Records for the task:
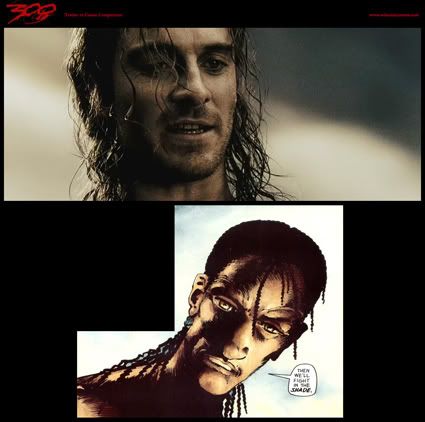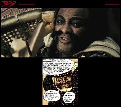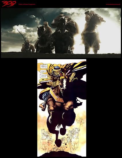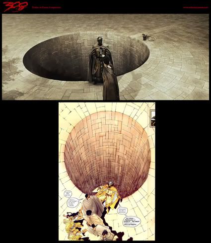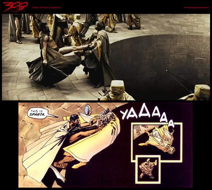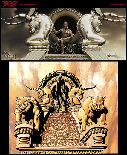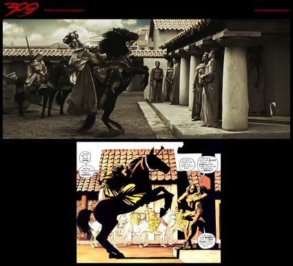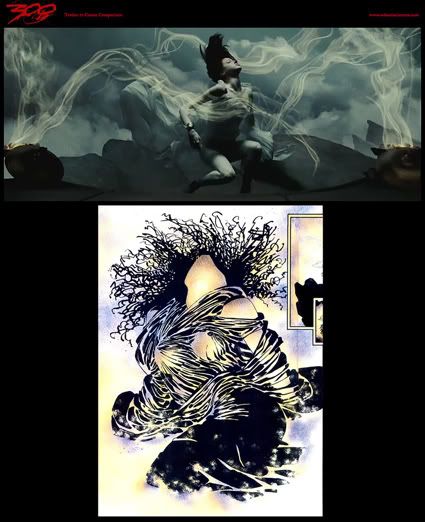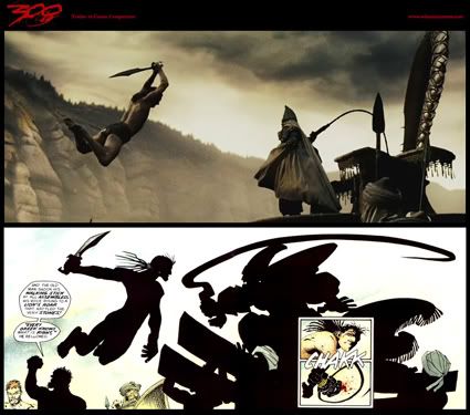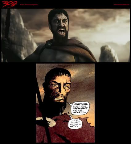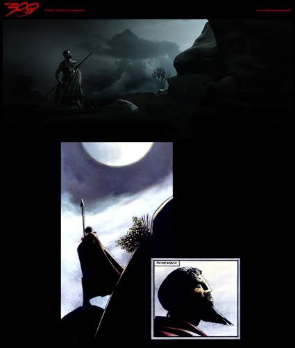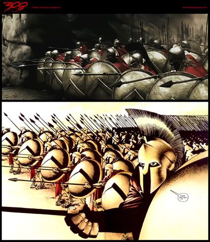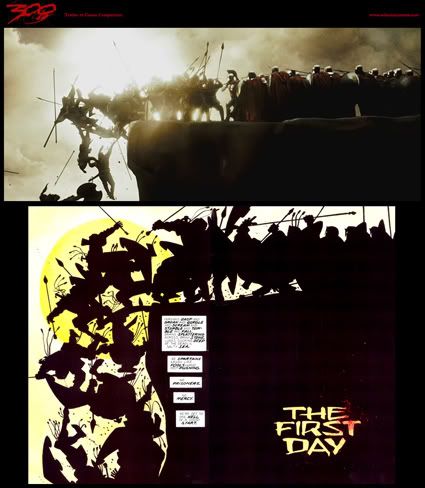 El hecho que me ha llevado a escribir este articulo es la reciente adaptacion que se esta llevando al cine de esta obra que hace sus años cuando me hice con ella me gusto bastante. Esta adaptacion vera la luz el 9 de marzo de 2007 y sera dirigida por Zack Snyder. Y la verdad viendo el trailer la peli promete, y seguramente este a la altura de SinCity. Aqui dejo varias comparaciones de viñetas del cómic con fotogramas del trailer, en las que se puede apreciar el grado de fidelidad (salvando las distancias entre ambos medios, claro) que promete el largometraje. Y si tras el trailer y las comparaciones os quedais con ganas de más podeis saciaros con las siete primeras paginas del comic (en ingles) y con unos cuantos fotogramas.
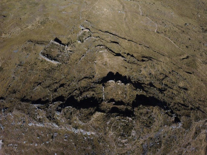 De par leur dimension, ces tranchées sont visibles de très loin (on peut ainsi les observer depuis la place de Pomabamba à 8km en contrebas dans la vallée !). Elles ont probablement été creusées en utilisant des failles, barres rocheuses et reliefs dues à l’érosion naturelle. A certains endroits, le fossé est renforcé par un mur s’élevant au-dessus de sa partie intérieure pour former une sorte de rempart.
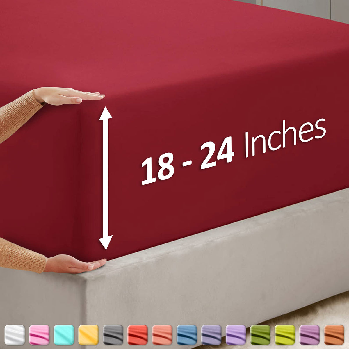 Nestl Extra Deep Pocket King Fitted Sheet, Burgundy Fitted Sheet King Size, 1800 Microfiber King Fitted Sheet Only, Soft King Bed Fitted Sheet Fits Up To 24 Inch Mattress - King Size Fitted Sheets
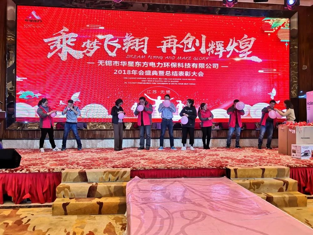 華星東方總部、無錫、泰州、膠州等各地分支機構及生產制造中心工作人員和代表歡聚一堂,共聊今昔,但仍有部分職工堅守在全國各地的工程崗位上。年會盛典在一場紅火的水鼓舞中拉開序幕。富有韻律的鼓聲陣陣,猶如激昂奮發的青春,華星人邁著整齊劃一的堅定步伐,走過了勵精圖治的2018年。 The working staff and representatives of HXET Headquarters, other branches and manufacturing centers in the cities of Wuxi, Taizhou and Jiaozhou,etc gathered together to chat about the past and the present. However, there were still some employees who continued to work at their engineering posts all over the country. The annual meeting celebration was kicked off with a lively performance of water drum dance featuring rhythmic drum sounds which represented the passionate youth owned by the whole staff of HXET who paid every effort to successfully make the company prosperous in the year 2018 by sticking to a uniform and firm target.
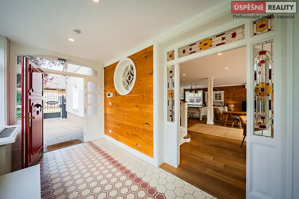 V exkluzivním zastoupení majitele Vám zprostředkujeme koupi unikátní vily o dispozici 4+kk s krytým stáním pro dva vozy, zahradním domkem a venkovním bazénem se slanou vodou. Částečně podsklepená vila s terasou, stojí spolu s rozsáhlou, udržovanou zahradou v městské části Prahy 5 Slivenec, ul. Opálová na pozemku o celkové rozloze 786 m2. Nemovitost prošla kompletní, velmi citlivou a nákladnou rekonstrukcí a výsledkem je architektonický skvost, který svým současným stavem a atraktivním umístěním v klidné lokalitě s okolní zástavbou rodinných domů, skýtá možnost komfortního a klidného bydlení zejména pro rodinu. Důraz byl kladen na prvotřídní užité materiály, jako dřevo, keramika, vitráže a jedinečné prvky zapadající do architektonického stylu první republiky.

The task:
Keep every word of the data as it is when you write it out, but drop the pictures.

Answer for this exercise:
 El hecho que me ha llevado a escribir este articulo es la reciente adaptacion que se esta llevando al cine de esta obra que hace sus años cuando me hice con ella me gusto bastante. Esta adaptacion vera la luz el 9 de marzo de 2007 y sera dirigida por Zack Snyder. Y la verdad viendo el trailer la peli promete, y seguramente este a la altura de SinCity. Aqui dejo varias comparaciones de viñetas del cómic con fotogramas del trailer, en las que se puede apreciar el grado de fidelidad (salvando las distancias entre ambos medios, claro) que promete el largometraje. Y si tras el trailer y las comparaciones os quedais con ganas de más podeis saciaros con las siete primeras paginas del comic (en ingles) y con unos cuantos fotogramas.
 De par leur dimension, ces tranchées sont visibles de très loin (on peut ainsi les observer depuis la place de Pomabamba à 8km en contrebas dans la vallée !). Elles ont probablement été creusées en utilisant des failles, barres rocheuses et reliefs dues à l’érosion naturelle. A certains endroits, le fossé est renforcé par un mur s’élevant au-dessus de sa partie intérieure pour former une sorte de rempart.
 Nestl Extra Deep Pocket King Fitted Sheet, Burgundy Fitted Sheet King Size, 1800 Microfiber King Fitted Sheet Only, Soft King Bed Fitted Sheet Fits Up To 24 Inch Mattress - King Size Fitted Sheets
 華星東方總部、無錫、泰州、膠州等各地分支機構及生產制造中心工作人員和代表歡聚一堂,共聊今昔,但仍有部分職工堅守在全國各地的工程崗位上。年會盛典在一場紅火的水鼓舞中拉開序幕。富有韻律的鼓聲陣陣,猶如激昂奮發的青春,華星人邁著整齊劃一的堅定步伐,走過了勵精圖治的2018年。 The working staff and representatives of HXET Headquarters, other branches and manufacturing centers in the cities of Wuxi, Taizhou and Jiaozhou,etc gathered together to chat about the past and the present. However, there were still some employees who continued to work at their engineering posts all over the country. The annual meeting celebration was kicked off with a lively performance of water drum dance featuring rhythmic drum sounds which represented the passionate youth owned by the whole staff of HXET who paid every effort to successfully make the company prosperous in the year 2018 by sticking to a uniform and firm target.
 V exkluzivním zastoupení majitele Vám zprostředkujeme koupi unikátní vily o dispozici 4+kk s krytým stáním pro dva vozy, zahradním domkem a venkovním bazénem se slanou vodou. Částečně podsklepená vila s terasou, stojí spolu s rozsáhlou, udržovanou zahradou v městské části Prahy 5 Slivenec, ul. Opálová na pozemku o celkové rozloze 786 m2. Nemovitost prošla kompletní, velmi citlivou a nákladnou rekonstrukcí a výsledkem je architektonický skvost, který svým současným stavem a atraktivním umístěním v klidné lokalitě s okolní zástavbou rodinných domů, skýtá možnost komfortního a klidného bydlení zejména pro rodinu. Důraz byl kladen na prvotřídní užité materiály, jako dřevo, keramika, vitráže a jedinečné prvky zapadající do architektonického stylu první republiky.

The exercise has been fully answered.